Результаты исследования могут использоваться в организации социально-психологической работы по развитию коммуникативного взаимодействия в диаде «врач-больной».
Положения, выносимые на защиту:
1. Коммуникативные установки во взаимодействии врачей различных
медицинских специализаций с больными имеют специфические различия:
для врачей-хирургов характерны нетерпимость к неопределенности, повышенное стремление к статусному росту, авторитарный тип межличностных отношений и авторитарная направленность в общении;
для врачей - терапевтов - стремление к избеганию неудач и повышенное стремление к статусному росту, манипулятивная направленность в общении, эгоистичный и агрессивный типы межличностных отношений;
для врачей - неврологов характерно отсутствие социально-коммуникативной гармоничности, индифферентная направленность в общении; для врачей-неврологов мужского пола характерен авторитарный тип межличностных отношений, для неврологов женского пола -эгоистичный тип.
2. Коммуникативные установки врача могут быть изменены с
помощью социально-психологического тренинга, направленного на
овладение навыками конструктивного взаимодействия в диаде «врач-
больной»:
врачи - хирурги в результате выбирают помимо авторитарного типа межличностных отношений и авторитарной направленности в общении диалогическую и манипулятивную направленность в общении;
врачи - терапевты выбирают кроме эгоистичного и агрессивного стилей коммуникативного взаимодействия диалогическую направленность в общении;
- врачи-неврологи выбирают манипулятивную и диалогическую
направленность в общении.
Организация и этапы исследования: Опытно-исследовательской базой исследования явились:
Пензенская областная больница им.

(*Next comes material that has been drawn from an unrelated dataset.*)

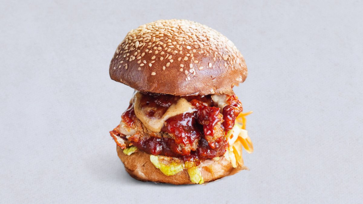 kurczak smażony w tempurze (podudzie kury), bułka brioche, coleslaw z kiełkami mung, sos pikantno-słodki (gochujang, olej sezamowy, miód, imbir, czosnek)
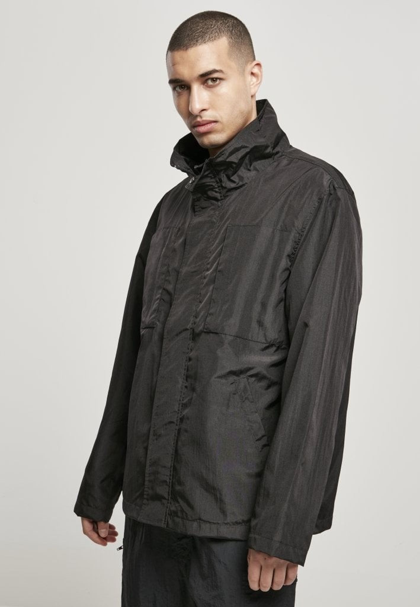 An elegant and light wind jacket in oversize model that closes with both a zipper and snaps.

Бурденко;
Центральная городская больница № 6 им. Захарьина г. Пензы;
Отделенческая железнодорожная больница г. Пензы;
Центральная районная больница г. Никольска;
Центральная районная больница г. Сердобска;
- Поликлиническое учреждение №1 г. Володарска Нижегородской области;
- Профилакторий «Лесной уголок» г. Володарска Нижегородской области.
Эмпирическая выборка исследования:
Всего в исследовании приняло участие 700 человек. Из них - 250 врачей и 450 пациентов.
Этапы исследования.
1 этап (2002-2003 гг.) Теоретический анализ социально-
психологической, деонтологической литературы. Определение цели, объекта,
предмета, задач, гипотезы исследования; разработка общей концепции
исследования, включающей в себя разработку инструментария исследования.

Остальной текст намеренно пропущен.